Standing before a classroom of wide-eyed seven-year-olds, a man with curly hair and piercing eyes paced back and forth. A quadratic equation sprawled across the whiteboard.
"Dull. How is it that you can't answer this problem, oh future of the country? You, third row, stop picking your nose. It's abhorrent."
"What's abren?" The child still had a finger up his nose.
"Ab-hor-rent." Sherlock muttered something under his breath. "It means revolting, disgusting, appalling- no? Why did my brother assign me to the idiots?"
"My mother says I'm smart." Another child raised its hand speaking at the same time. Sherlock clasped his hands behind his back.
"Well then your mother is wrong." Sherlock ruffled his hair. "You're an idiot. No, no, don't be like that, most people are. Your mathematics session is over. Wait for your English teacher."
"We don't have an English teacher."
"What? John!" Sherlock rushed into the hall. John Watson was sitting on the carpet of the room across him, reading from a picture book. "When will the English teachers be coming to relieve us?"
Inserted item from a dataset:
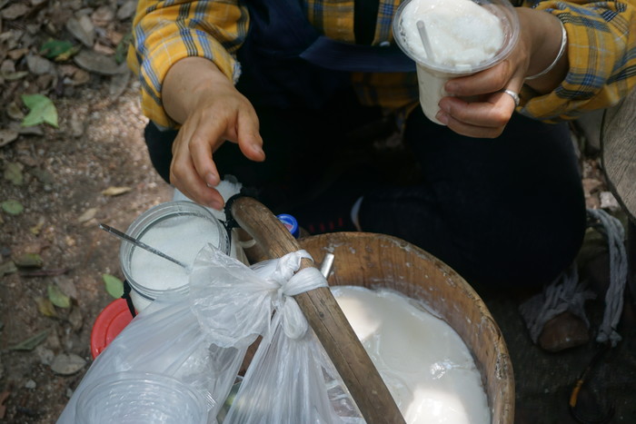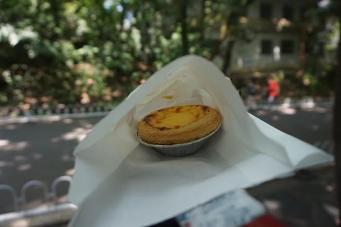 我們帶上山的乾糧是包包早上在我化妝的時候去買的墨茉點心局的麻糬和蛋撻~還蠻好吃啦

"I-I don't think there are any." John looked around. "Excuse me, I'm reading. Do you mind?"
Sherlock ducked back into his room. To his horror, he found children out of their seats, rummaging through his things. Afraid they would find his cadavers, or worse, disturb his sock index, he shouted,
"Off! Sit down, or I'll report you all."
"We're bored." The children trudged back to their seats.
"No, I'm bored. You are boring." Sherlock searched his desk for something to entertain them with. He found a couple Rubiks cubes and scattered them across the classroom. He took out a couple Newton's cradles. "If you stick these in your mouth, Father Christmas will literally burn your house down and die at the same time." Looking out at a crowd of horrified faces, he picked up his book. It was Isaac Newton's Principia. He began reading from it.
Across the hall, John was finishing up. "And then the little kitten finished its dish of milk. Yummy!" The door opened. Men in suits walked in.
"Hello?"
"We're the school inspection."
"Oh, right. Ok. So, class, what did the little kitty drink?" He held up the book, titled, The Saucer of Milk with a smile. A kid in the third row shouted.
"Oranges." The class broke out into giggles, and the suited men frowned. In a few minutes they arrived in Sherlock's classroom.
Sherlock stood at the front of the class, reading from Principia. Children surrounded him, mesmerized by Rubiks cubes and Newton's cradles. No one looked up when they walked in. They walked out, amazed.
"Did you see that?"
"The man must be a genius!"
"With a class full of geniuses too!"
Sherlock was promoted and John was fired. Two days later, Sherlock was fired when a parent complained of their child being called an idiot and sued the school for three million pounds to cover the child's psychotherapy, which consisted of a vacation to Florida.